The number of flips changes our confidence level and has no bearing on whether our decision is logical or not.

luckyme

Isn't the percentage of heads in N flips the maximum liklihood estimator - or something like that - for the true parameter p=P(heads)? Why aren't people just grabbing that, using the "best" estimate for p=1/3, say we should be getting 2-1 odds and decline the bet? Sure we have a wide confidence interval around p=1/3 with a low confidence, but how bad could it be? 7-5 is not even close.

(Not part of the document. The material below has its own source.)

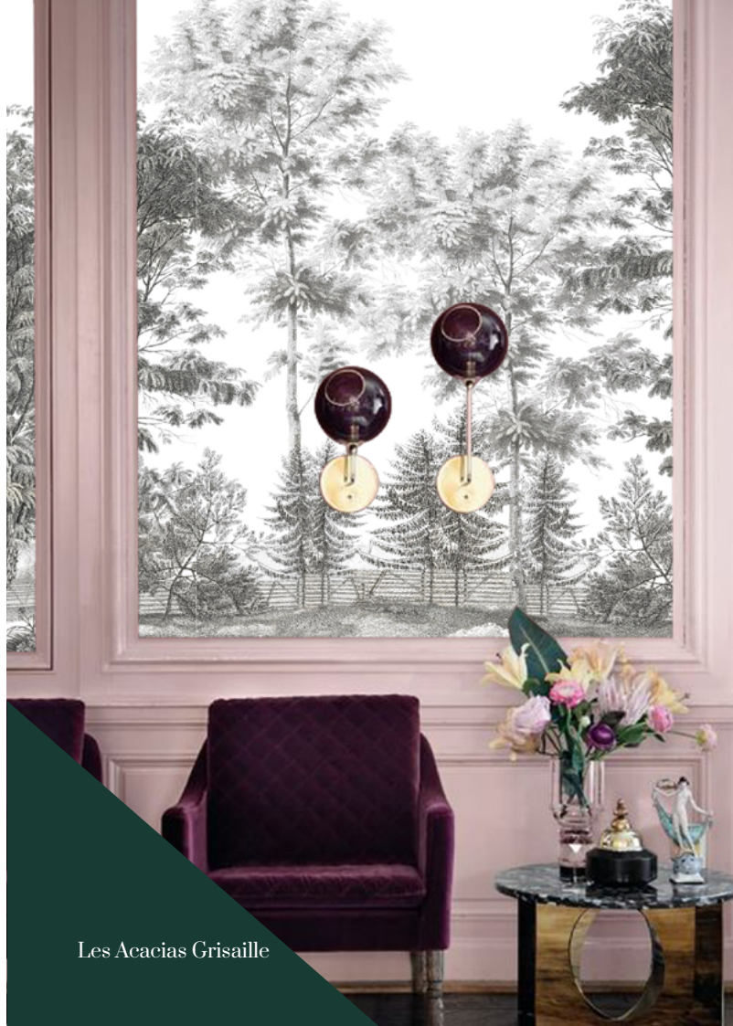
Les Acacias Grisaille

Aren't people hesitating to answer because they can't really believe the condition of "no information" about how coins are bent? They have a hunch that despite this Defined Abstraction, maybe coins don't really get bent that much most of the time so their hunch is outweighing the evidence of the 3 flips? If bending coins generally only makes them slightly bias, then in 3 flips you can't get any closer to 50-50 than 1/3-2/3 anyway. So go on your hunch and take the bet.

What does the posterior distribution after these 3 flips look like assuming a Uniform prior distribution? That math has been done somewhere on the Probability Forum. Does it not shift away from the center as much as we might think from the 33% heads percentage?

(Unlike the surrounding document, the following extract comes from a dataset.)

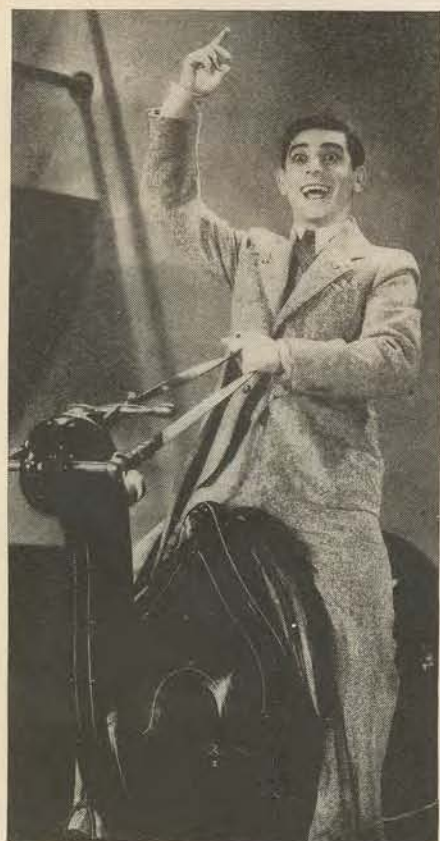
Eddie Cantor, on his cantering "Chimmie," as they arrive in Hollywood.

Edit: oh. It's 7-4 odds not 7-5. Well that's a little closer but it's still not 2-1.

PairTheBoard

I have no idea how to think about this probabilistically. I think that it would be OK to wager though. Someone please point out the flaw in my thought process.

I think that before the flip we can assume that for the purpose of determining whether or not to wager that there is an equal chance of all possibilities that favor either heads or tails. This means that for the purpose of wagering we can assume a fair coin. I don't think that three flips is enough information to shift the probability so that the 7:4 wager is bad. My main reason for thinking this is that if a fair coin is flipped 3 times there is no way for it to land heads and tails an equal amount.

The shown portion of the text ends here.